The reality is that these days there generally isn't any packet loss, so UDP vs TCP isn't such an issue as it might have been in the past. In fact TCP has a number of advantages these days such as easier firewall traversal, WebSockets, etc.
>The reality is that these days there generally isn't any packet loss
Do you have any sources/data on that? Genuinely interested where you drew that conclusion from. From my vantage point (anecdotal), ISPs and carriers routinely under-provision, congest peerings, and don't find a problem well until after a number of customers complain.
Bufferbloat means that at many potential bottlenecks, you don't get any packet loss until well after the point at which your latency-sensitive application (be it TCP or UDP) has given up hope. Major peering points are pretty much the only place where you won't see >1second queues when congested, simply because they can't afford buffers that deep for the rates they operate at. But for ordinary everyday occurrences, your congestion will be somewhere around the last mile, where you cannot expect packets to be dropped within a reasonable timeframe.
Bufferbloat is the undesirable latency that comes from a router or other network equipment buffering too much data. It is a huge drag on Internet performance created, ironically, by previous attempts to make it work better. The one-sentence summary is “Bloated buffers lead to network-crippling latency spikes.”
The bad news is that bufferbloat is everywhere, in more devices and programs than you can shake a stick at.

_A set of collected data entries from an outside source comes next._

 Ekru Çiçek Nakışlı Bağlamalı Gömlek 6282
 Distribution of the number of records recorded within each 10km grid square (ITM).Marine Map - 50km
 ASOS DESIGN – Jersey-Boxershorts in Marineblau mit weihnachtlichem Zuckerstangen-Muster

The good news is, bufferbloat is now, after 4 years of research, development and deployment, relatively easy to fix. See: fq_codel: wiki. The even better news is that fixing it may solve a lot of the service problems now addressed by bandwidth caps and metering, making the Internet faster and less expensive for both users and providers.

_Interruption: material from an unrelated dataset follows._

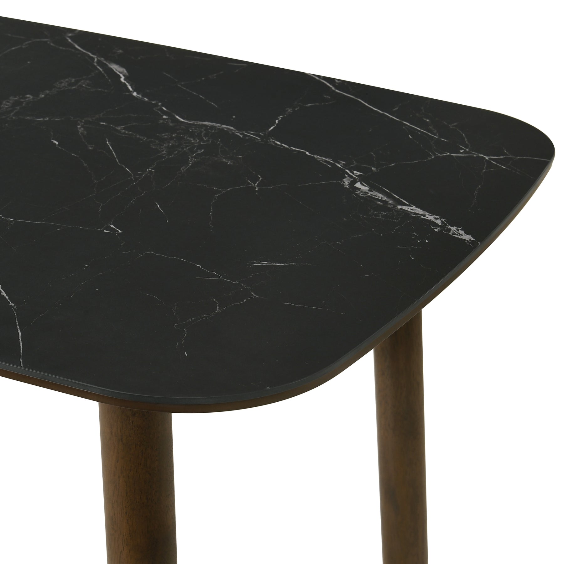 Emorie Mid-Century Modern 71 in. Rectangle Wood Dining Table in Walnut Finish with Sintered Stone Top from the Emorie collection offers a stunning balance of minimalist style and durable function. Designed with clean, mid-century modern lines and thoughtful material selection, this table becomes an instant focal point in any dining room. At the center of its design is a sintered stone tabletop, an advanced surface that combines the look of natural stone with exceptional resistance to heat, stains, and scratches. The sleek finish is complemented by a solid rubberwood base, finished in a warm walnut tone that adds richness and grounding contrast to the stone surface. This pairing of materials brings both visual depth and practical longevity, making it ideal for everyday meals as well as special gatherings. Measuring 71 inches in length, the Emorie table comfortably seats six and works equally well in open dining areas or more intimate spaces. Its understated silhouette and neutral palette allow it to mix effortlessly with upholstered or wood chairs, adapting to both modern and transitional interiors. Assembly is quick and straightforward, requiring about 5 minutes with two people. Backed by a 1-year manufacturer’s warranty for added confidence. Bold yet refined, this table invites relaxed elegance and meaningful connection into your daily dining experience.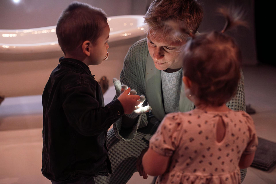Zhruba čtyřicetiminutová relaxace v divadelně lázeňském prostředí nabízí jemný smyslový zážitek, podněcovaný hudbou, světlem, barvami, pohybem a jednoduchými vizuálními podněty. „Tento tvar počítá s přirozenou reakcí malých účastníků,“ připomíná umělecký šéf David Košťák. Nevadí, když děti zapláčou, nechají se nakojit nebo zvolí spravedlivý spánek. První setkání s uměleckým prostředím může každopádně poskytnout důležitý impuls k rozvoji fantazie, vnímání i vztahu ke kultuře. „Improvizujeme. Vždy záleží na skladbě publika. Děti byly i součástí zkoušek. Stalo se, že ležící miminko v závěru zkoušky poprvé v životě začalo lézt,“ usmívá se režisérka.

The introduction below to the problem is extremely old, and we recommend learning about bufferbloat via van jacobson’s fountain model instead. Although the traffic analogy is close to what actually happens… in the real world, you can’t evaporate the excessive cars on the road, which is what we actually do with systems like fq_codel wiki.

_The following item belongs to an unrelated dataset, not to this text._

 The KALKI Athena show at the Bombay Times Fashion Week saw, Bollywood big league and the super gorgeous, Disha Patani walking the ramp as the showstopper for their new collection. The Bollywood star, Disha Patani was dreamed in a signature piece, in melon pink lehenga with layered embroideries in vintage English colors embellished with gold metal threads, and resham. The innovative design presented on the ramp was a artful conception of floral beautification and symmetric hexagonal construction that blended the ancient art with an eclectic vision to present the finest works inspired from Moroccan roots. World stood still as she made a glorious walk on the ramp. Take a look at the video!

I measure packet loss on my cable connection every 5 mins of the day. Also Ive been developing realtime collaborative applications using tcp for over 20 years.
I work on protocols that use sketchy wifi on mobile units that roam among access points. Sometimes they roam into RF black holes. TCP is all kinds b0rk3d for what I am doing.
I'm not sure how UDP is going to help if you have no connectivity.
These days TCP copes as well as UDP with temporary complete loss of connectivity, due to fast recovery. It is really just packet loss that kills TCP, but that isn't generally an issue these days if you're in the USA/Canada/Europe/Japan/Korea/Australia, and your wifi isn't crapping out.
> The reality is that these days there generally isn't any packet loss
I don't know which reality bubble you live in, but this is utterly false. I live in the country side and get routinely an average of 40% packet loss on many, many websites. There are plenty of occasions for packets to get lost somewhere between a client and a server.
That article is about network failures and misconfigurations. It's looking at reliability on a vastly longer timescale than the domain of congestion control operating on traffic from interactive applications. Basically all of the problems described in that article would simply result in a game dropping the connection, whether it was using TCP or UDP.